Class BisectingKMeans

Object
org.apache.spark.mllib.clustering.BisectingKMeans
All Implemented Interfaces:
org.apache.spark.internal.Logging

public class BisectingKMeans extends Object implements org.apache.spark.internal.Logging
A bisecting k-means algorithm based on the paper "A comparison of document clustering techniques" by Steinbach, Karypis, and Kumar, with modification to fit Spark. The algorithm starts from a single cluster that contains all points. Iteratively it finds divisible clusters on the bottom level and bisects each of them using k-means, until there are k leaf clusters in total or no leaf clusters are divisible. The bisecting steps of clusters on the same level are grouped together to increase parallelism. If bisecting all divisible clusters on the bottom level would result more than k leaf clusters, larger clusters get higher priority.

param: k the desired number of leaf clusters (default: 4). The actual number could be smaller if there are no divisible leaf clusters. param: maxIterations the max number of k-means iterations to split clusters (default: 20) param: minDivisibleClusterSize the minimum number of points (if greater than or equal 1.0) or the minimum proportion of points (if less than 1.0) of a divisible cluster (default: 1) param: seed a random seed (default: hash value of the class name)

See Also:
  • Nested Class Summary

    Nested classes/interfaces inherited from interface org.apache.spark.internal.Logging

    org.apache.spark.internal.Logging.LogStringContext, org.apache.spark.internal.Logging.SparkShellLoggingFilter
  • Constructor Summary

    Constructors
    Constructor
    Description
    Constructs with the default configuration
  • Method Summary

    Modifier and Type
    Method
    Description
    The distance suite used by the algorithm.
    int
    Gets the desired number of leaf clusters.
    int
    Gets the max number of k-means iterations to split clusters.
    double
    Gets the minimum number of points (if greater than or equal to 1.0) or the minimum proportion of points (if less than 1.0) of a divisible cluster.
    long
    Gets the random seed.
    Java-friendly version of run().
    run(RDD<Vector> input)
    Runs the bisecting k-means algorithm.
    setDistanceMeasure(String distanceMeasure)
    Set the distance suite used by the algorithm.
    setK(int k)
    Sets the desired number of leaf clusters (default: 4).
    setMaxIterations(int maxIterations)
    Sets the max number of k-means iterations to split clusters (default: 20).
    setMinDivisibleClusterSize(double minDivisibleClusterSize)
    Sets the minimum number of points (if greater than or equal to 1.0) or the minimum proportion of points (if less than 1.0) of a divisible cluster (default: 1).
    setSeed(long seed)
    Sets the random seed (default: hash value of the class name).

    Methods inherited from class java.lang.Object

    equals, getClass, hashCode, notify, notifyAll, toString, wait, wait, wait

    Methods inherited from interface org.apache.spark.internal.Logging

    initializeForcefully, initializeLogIfNecessary, initializeLogIfNecessary, initializeLogIfNecessary$default$2, isTraceEnabled, log, logDebug, logDebug, logDebug, logDebug, logError, logError, logError, logError, logInfo, logInfo, logInfo, logInfo, logName, LogStringContext, logTrace, logTrace, logTrace, logTrace, logWarning, logWarning, logWarning, logWarning, org$apache$spark$internal$Logging$$log_, org$apache$spark$internal$Logging$$log__$eq, withLogContext
  • Constructor Details

    • BisectingKMeans

      public BisectingKMeans()
      Constructs with the default configuration
  • Method Details

    • setK

      public BisectingKMeans setK(int k)
      Sets the desired number of leaf clusters (default: 4).
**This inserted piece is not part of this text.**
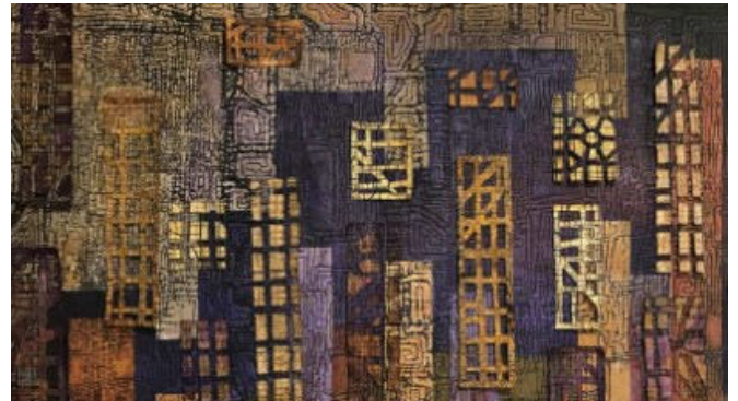
January 13 – April 27

The actual number could be smaller if there are no divisible leaf clusters.
      Parameters:
      k - (undocumented)
      Returns:
      (undocumented)
    • getK

      public int getK()
      Gets the desired number of leaf clusters.
      Returns:
      (undocumented)
    • setMaxIterations

      public BisectingKMeans setMaxIterations(int maxIterations)
      Sets the max number of k-means iterations to split clusters (default: 20).
      Parameters:
      maxIterations - (undocumented)
      Returns:
      (undocumented)
    • getMaxIterations

      public int getMaxIterations()
      Gets the max number of k-means iterations to split clusters.
      Returns:
      (undocumented)
    • setMinDivisibleClusterSize

      public BisectingKMeans setMinDivisibleClusterSize(double minDivisibleClusterSize)
      Sets the minimum number of points (if greater than or equal to 1.0) or the minimum proportion of points (if less than 1.0) of a divisible cluster (default: 1).
      Parameters:
      minDivisibleClusterSize - (undocumented)
      Returns:
      (undocumented)
    • getMinDivisibleClusterSize

      public double getMinDivisibleClusterSize()
      Gets the minimum number of points (if greater than or equal to 1.0) or the minimum proportion of points (if less than 1.0) of a divisible cluster.
      Returns:
      (undocumented)
    • setSeed

      public BisectingKMeans setSeed(long seed)
      Sets the random seed (default: hash value of the class name).
      Parameters:
      seed - (undocumented)
      Returns:
      (undocumented)
    • getSeed

      public long getSeed()
      Gets the random seed.
      Returns:
      (undocumented)
    • getDistanceMeasure

      public String getDistanceMeasure()
      The distance suite used by the algorithm.
      Returns:
      (undocumented)
    • setDistanceMeasure

      public BisectingKMeans setDistanceMeasure(String distanceMeasure)
      Set the distance suite used by the algorithm.
      Parameters:
      distanceMeasure - (undocumented)
      Returns:
      (undocumented)
    • run

      public BisectingKMeansModel run(RDD<Vector> input)
      Runs the bisecting k-means algorithm.
      Parameters:
      input - RDD of vectors
      Returns:
      model for the bisecting kmeans
    • run

      public BisectingKMeansModel run(JavaRDD<Vector> data)
      Java-friendly version of run().
      Parameters:
      data - (undocumented)
      Returns:
      (undocumented)